Emily did not like Coleman’s treachery to his superior, but her stronger feeling was anger against Stilson. “Why does he dislike me?” she thought. “What a mean creature he is. It must be some queer sort of jealous envy.” She laughed at herself for this vanity. But she had more faith in it than she thought, and it was with the latent idea of getting it a prop that she repeated to Miss Gresham what Coleman had said. “Why do you think Mr. Stilson told him that?” she asked.

“I don’t know, I can’t imagine,” replied Miss Gresham. She reflected a moment and then turned her head so that Emily could not see her eyes. She thought she had guessed the reason. “Stilson is trying to save her from the consequences of her vanity,” she said to herself, “I had better not tell her, as it would do no good and might make her dislike me.” And watching Emily more closely, she soon discovered that premature triumph had been a little too much for her good sense. Emily was entertaining an opinion of herself far higher than the facts warranted. “Stilson is doing her a service,” Miss Gresham thought, as Emily complained from time to time of trifling assignments. “He’ll restore her point of view presently.”

After a month of this Stilson called her into his office. He stood at the window, tall and stern—he was taller than Marlowe and dark; and while Marlowe’s expression was one of good-humoured, rather cynical carelessness, his was grave and haughty.

Without looking at her he began: “Miss Bromfield, we’ve been giving you a very important kind of work—the small items. They are the test of a newspaper’s standard of perfection. I’m afraid you don’t appreciate their importance.”

“I’m doing the best I can,” said Emily coldly.

He frowned, but she watched him narrowly, and saw that he was suffering acute embarrassment. “It isn’t easy for me to speak to you,” he went on. “But—it’s necessary. At first you did well. Now—you’re not doing well.”

There was a long, a painful silence. Then he suddenly looked at her. And in spite of herself, his expression melted resentment and obstinacy. “You can do well again,” he said. “Please try.”

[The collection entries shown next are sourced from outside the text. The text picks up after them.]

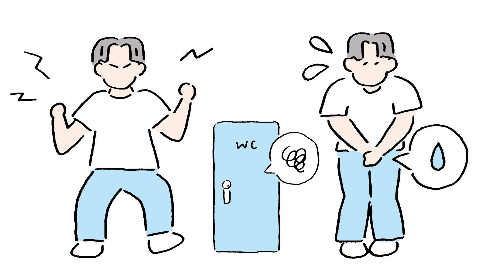 女性ならずとも中高年になると、尿漏れを経験しがち。これは加齢に伴い骨盤底筋群が弱くなるため。ここに男性の場合は肥大していく前立腺が追い打ちをかけ、尿の勢いも切れも悪くなっていく。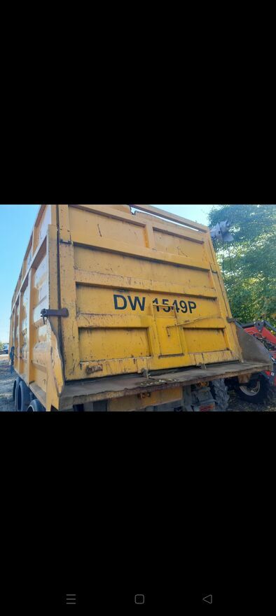 Sprzedam naczepę wywrot stalowa podwyższana o 70 cm z dorobionym szybrem pod zboże lub kamień wysokość na wysokim siodle 3,75 na niskim 3,68 przechodzi spokojnie pod wiadukty 3.5 ,ładowność 32 tony na spokojnie ośki sprawne ,hamulce bębny bez regulatorów rama nie zgnita w dobrym stanie siłownik szybko podnosi i opuszcza jest to klapa bez drzwi przerobiona z patelni dorobione śruby mocujące na bokach blokujące otwarcie klapy do wysypu przez szyberek ,plandeka ma kilka dziur jest możliwość jej sklejenia po uprzednim kontakcie .waga około 7 ton więcej pod numer tel 697xx693xx838 lub zamiana na firankę z sprawnym dachem i muldą za dopłatąMariusz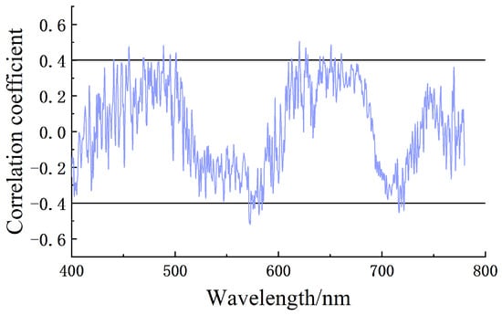 The extraction of feature bands can effectively reduce the dimensionality of data and mitigate the impact of redundant information. In this study, the feature band extraction was conducted using the correlation coefficient method. The determination of feature bands was carried out by calculating the correlation coefficient between the reflectance of each spectral band and the SPAD values of lettuce leaves under cadmium stress. Among them, the larger the absolute value of the correlation coefficient, the more effective information is contained in the reflectance of that spectral band, and thus it is selected as a feature band [22].

The tone of the “Please try” made her feel his fairness and friendliness as she had not felt it before. “Thank you,” she said impulsively. “I will try.” She paused at the door and turned. “Thank you,” she said again, earnestly. He was bending over his desk and seemed to be giving his attention to his papers. But Emily understood him well enough now to know that he was trying to hide his embarrassment. When she was almost hidden from him by the closing door, she heard him begin to speak. “I beg your pardon,” she said, showing her head round the edge of the door, “What did you say?”

“No matter,” he replied, and she thought she saw, rather than heard, something very like a sigh.